The Shawnee were outnumbered, beset by enemies on all sides. The Iroquois were as plentiful as acorns in a forest. If he had to resort to trickery to defeat his enemies, so be it. Once the Seneca were dead, it did not harm their souls if he used their bodies as a weapon against their own kind.
He was a shaman, and the first rule of his profession was silence. He’d been taught secrecy from the first day he had crawled from the sweat lodge into the keeping of the wily old medicine man, Red Smoke. If Fiona thought he was cruel—if she believed he was a madman—then she must do so. He could not break lifelong habits to suit the tender feelings of a white woman.
He went to the back of the cave and took down the surgeon’s box his warriors had carried from the trader’s storeroom. He took it to the fire and lifted the lid.
“That’s mine!” Fiona cried. “I brought it with me from Ireland.” She slammed the lid and grabbed the box, holding it protectively against her chest.
He chuckled. This shy quail chick could be bold enough in defense of something she considered her property. “Prove that it’s yours,” he dared.
She backed away and put the fire between them. Ignoring him, she opened the kit and scrutinized the contents.
“You need not worry. I haven’t stolen anything.”
“You stole it from Jacob Clough, didn’t you?”
He chuckled again. “Hurons. Thieves, the lot of them. A drunken Huron stole the box from the trader’s. If it’s yours and not Clough’s, give me proof.”
“There. There’s proof,” she declared, pointing out the initials stamped on the lid.
“JPO.
James Patrick O’Neal. My grandfather. The surgeon’s instruments were his, and I inherited them when he died. They’re mine.”
“Very well,” Wolf Shadow agreed mildly. “If they’re yours, they’re yours. And you can thank that drunken Huron that they aren’t still sitting in Clough’s store. Wrap your physician’s box in a deerskin and I will carry it to the Shawnee camp for you. It’s going to be a long walk.”
“I carried this case from Ireland. I can carry it a little farther.”
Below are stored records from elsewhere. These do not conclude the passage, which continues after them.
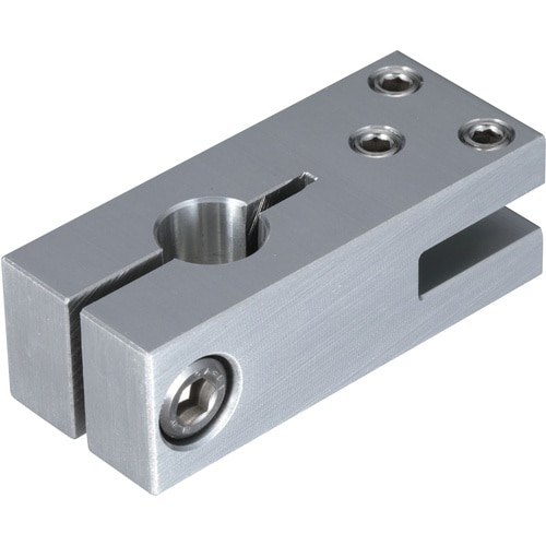 当社シャフトと組み合わせが可能な取付ベースです。スリット構造のためシャフトに傷を付けることなく締め付けが可能です。コンベアのアングル材などにクランプ可能、相手側の加工も不要ですです。 |
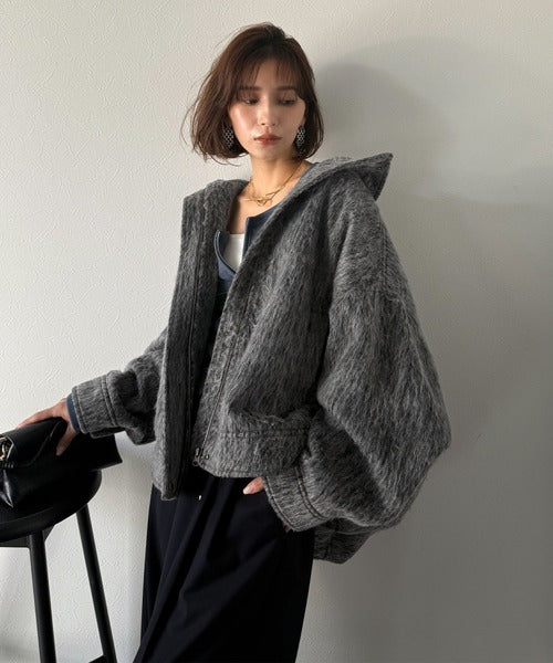 柔らかな毛足のある素材が、やさしく上品な印象を引き立てながら、しっかりとした暖かさも兼ね備えた、この秋冬にぴったりの1枚。
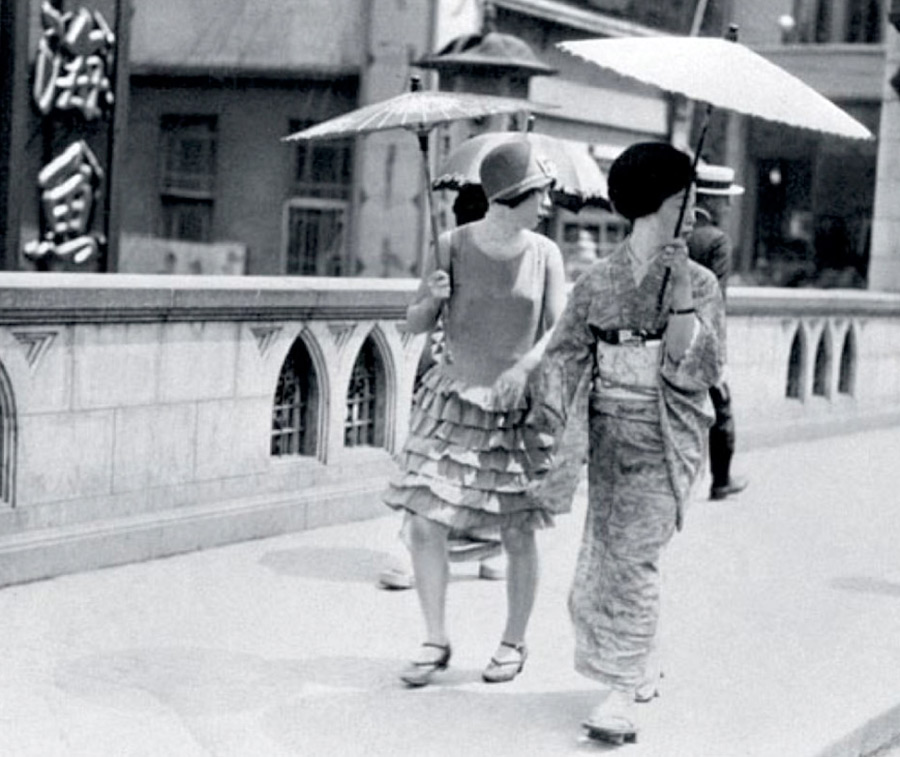 Avec la diffusion d'Internet, on parle beaucoup de liberté dans la mode, de mondialisation et de brouillage des frontières. En effet, l'effacement des frontières et des traditions nationales est observé depuis plus de 100 ans. Par exemple, regardons des images de filles japonaises dans des photographies des années 1920.
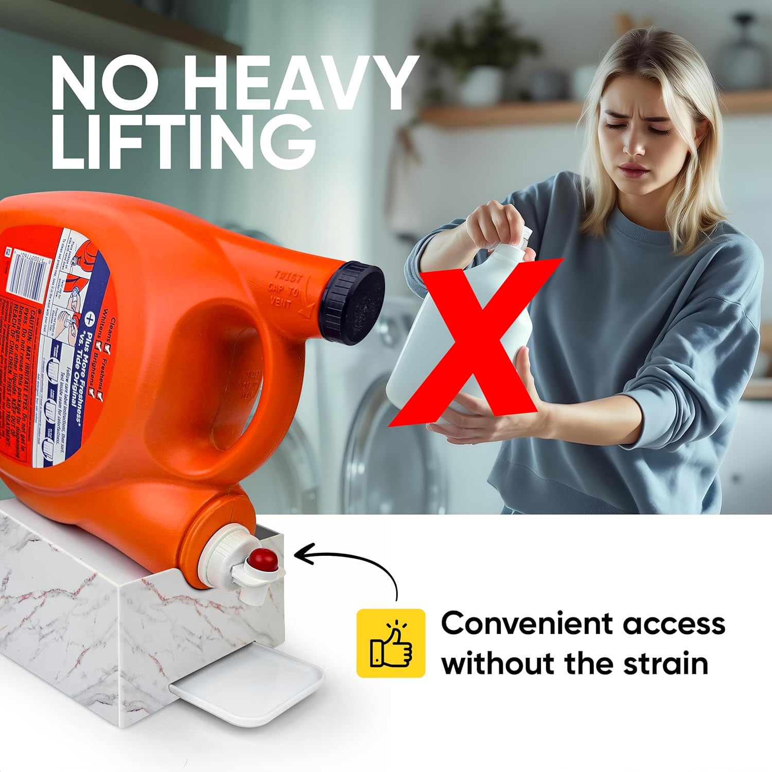 - [A LITTLE REMINDER] - This item is a Laundry Detergent Stand ONLY that does not include any Detergent or Bottles or Velcro Straps to handle the bottles but it is incredibly useful without the straps because of the angled feature which holds bottles in place when standing alone

With a shrug, he turned away and began to prepare his own belongings for the journey. Let her carry the box if she wished—she’d give it over soon enough. She was strong for a woman; it was clear to him that she’d not led an idle life. But walking in snow took great energy. She’d be lucky if she could stay on her feet for the twelve-hour march, let alone support a heavy burden. “Must you make everything difficult?” he asked, without looking at her. “I would be your friend, Fiona.”
“If you want to be my friend, take me to the English,” she flung back.
“You are a bird that knows but one song.”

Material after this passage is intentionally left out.